词条 | Hirschberg's algorithm |
释义 |
In computer science, Hirschberg's algorithm, named after its inventor, Dan Hirschberg, is a dynamic programming algorithm that finds the optimal sequence alignment between two strings. Optimality is measured with the Levenshtein distance, defined to be the sum of the costs of insertions, replacements, deletions, and null actions needed to change one string into the other. Hirschberg's algorithm is simply described as a more space efficient version of the Needleman–Wunsch algorithm that uses divide and conquer.[1] Hirschberg's algorithm is commonly used in computational biology to find maximal global alignments of DNA and protein sequences. Algorithm informationHirschberg's algorithm is a generally applicable algorithm for optimal sequence alignment. BLAST and FASTA are suboptimal heuristics.
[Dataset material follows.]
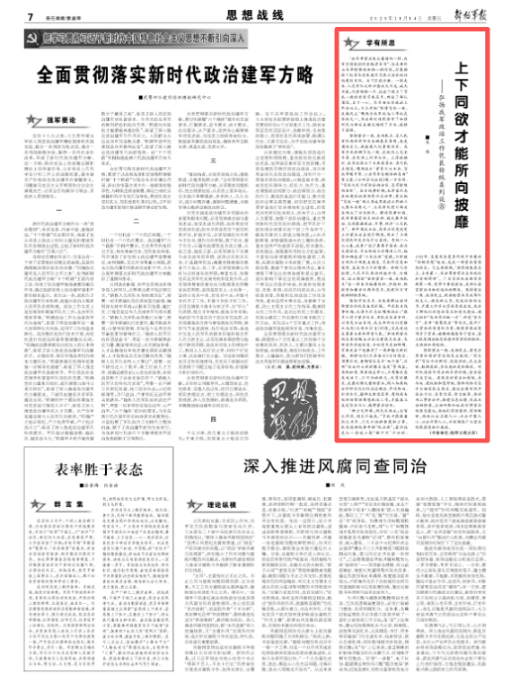 “红军中官兵伕衣着薪饷一样,白军里将校尉饮食起居不同”,这是井冈山斗争时期流传的一副对联,形象描绘了红军与国民党军官兵生活和地位的截然不同。上下同欲者胜。一路走来,人民军队之所以能攻无不克、战无不胜,很重要的一点,就在于建立了官兵一致的新型官兵关系,确保了部队团结、上下一心。在古田全军政治工作会议上,习主席把“坚持官兵一致、发扬民主”明确为我军政治工作优良传统之一,为在新的时代条件下加强部队内部关系建设指明了方向、提供了遵循。

If x and y are strings, where length(x) = n and length(y) = m, the Needleman-Wunsch algorithm finds an optimal alignment in O(nm) time, using O(nm) space. Hirschberg's algorithm is a clever modification of the Needleman-Wunsch Algorithm which still takes O(nm) time, but needs only O(min{n,m}) space and is much faster in practice.[2] One application of the algorithm is finding sequence alignments of DNA or protein sequences. It is also a space-efficient way to calculate the longest common subsequence between two sets of data such as with the common diff tool. The Hirschberg algorithm can be derived from the Needleman-Wunsch algorithm by observing that:[3]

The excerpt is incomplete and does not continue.